I personally did not attend any JC as I had better things to do but fully understand your expressed desire.
i don't know how to handle the situation with a fellow apostate who has lost their mind due to this evil cult.
this guy is texting many of the elders under alias of six different cell-phones no less than twenty times a day.. .
we had to change the locks at the kingdom hall because he was still stalking and prowling around the hall after advertsing he had left the kingdom hall and we were all no less than mind-dead zombies sucking out of the life of thinking individuals.
Anger and the desire to do something are common reactions. Also if the local elders have behaved despicably and interfered with family ties then the stress is enough to drive anyone to extreme action.

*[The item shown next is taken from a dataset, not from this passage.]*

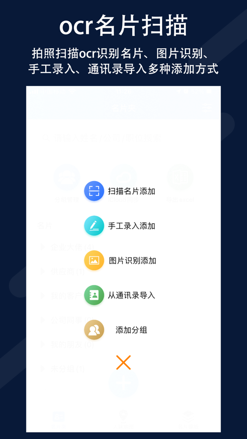 【OCR名片扫描】拍照扫描OCR识别名片、图片识别、手工录入、通讯录导入多种添加方式。快速识别,一键保存名片夹或者通讯录。
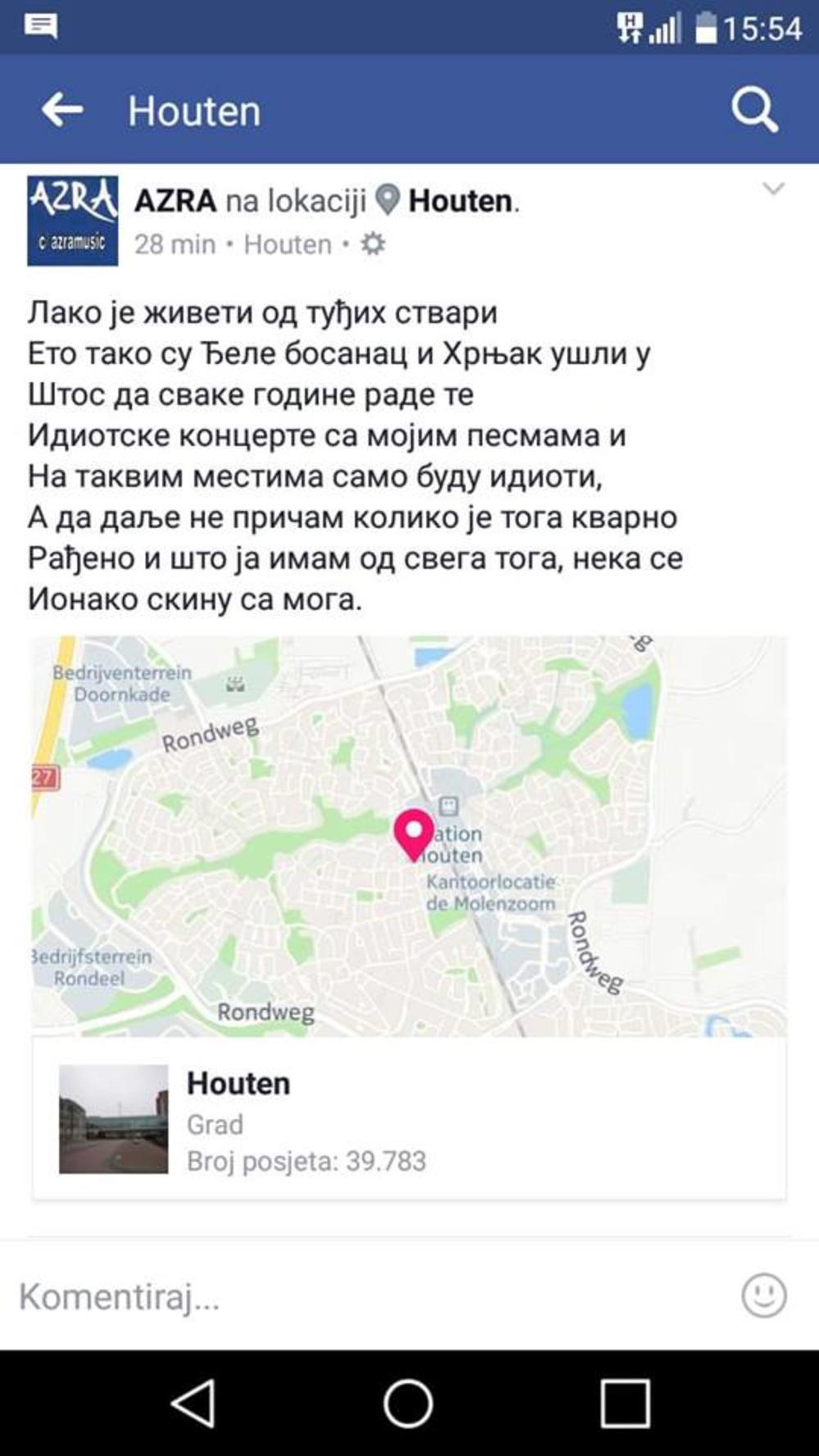- Lako je živeti od tuđih stvari. Eto tako su Đele bosanac i Hrnjak ušli u Štos da svake godine rade te Idiotske koncerte sa mojim pesmama i na takvim mestima budu samo idioti, A da dalje ne pričam koliko je toga kvarno Rađeno i što ja imam od svega toga, neka se Ionako skinu sa moga - napisao je Azra iz Houtena.

The Watchtower society is a very difficult entity to have an impact on. They have groomed their members on how to feel and react to any threats so it is difficult to make an impression. What is important is that someone takes time to heal themselves and gain mental strength after an exit from the organisation. Launching any affirmative action whilst stressed and emotional may lead to someone behaving irrationally. This man is doing what he feels is right and is likely fueled by anger and a sense of injustice.
Is anything he is doing illegal? If so it will not be long until the police are involved. He may need to contact ICSA who can put him in touch with counsellors that help people exiting cults with counselling and advice.
how would you handle a situation where your grandkids are being used by their father to manipulate their grandmother into going to the meeings?
grandkids sending text messages to grandmothers phone asking if she will come to their meeting.
grandmother is no longer attending meetings and doesn't wants to she know ttatt.
The problem is that grandma is already seen as bad association. A few visitis to the kingdom hall will not resolve this as once the JWs radar has you then nothing short of zealous worship will be enough for them. Random visits will also mean that elders will feel they have the right to pry into what you think. Son in law sounds like a control freak.
I would use supervised visits to reassure the grandchildren of unconditional love, that you would like to see more of them outside the meetings since in a more social setting you can really talk to them and find out what is happening in their lives. Keep away from the subject of religion and if the children ask why you haven't gone to the meetings then as has been suggested use illness as a cover. But say how much seeing them has given you a real lift and that you have really benefitted from seeing them.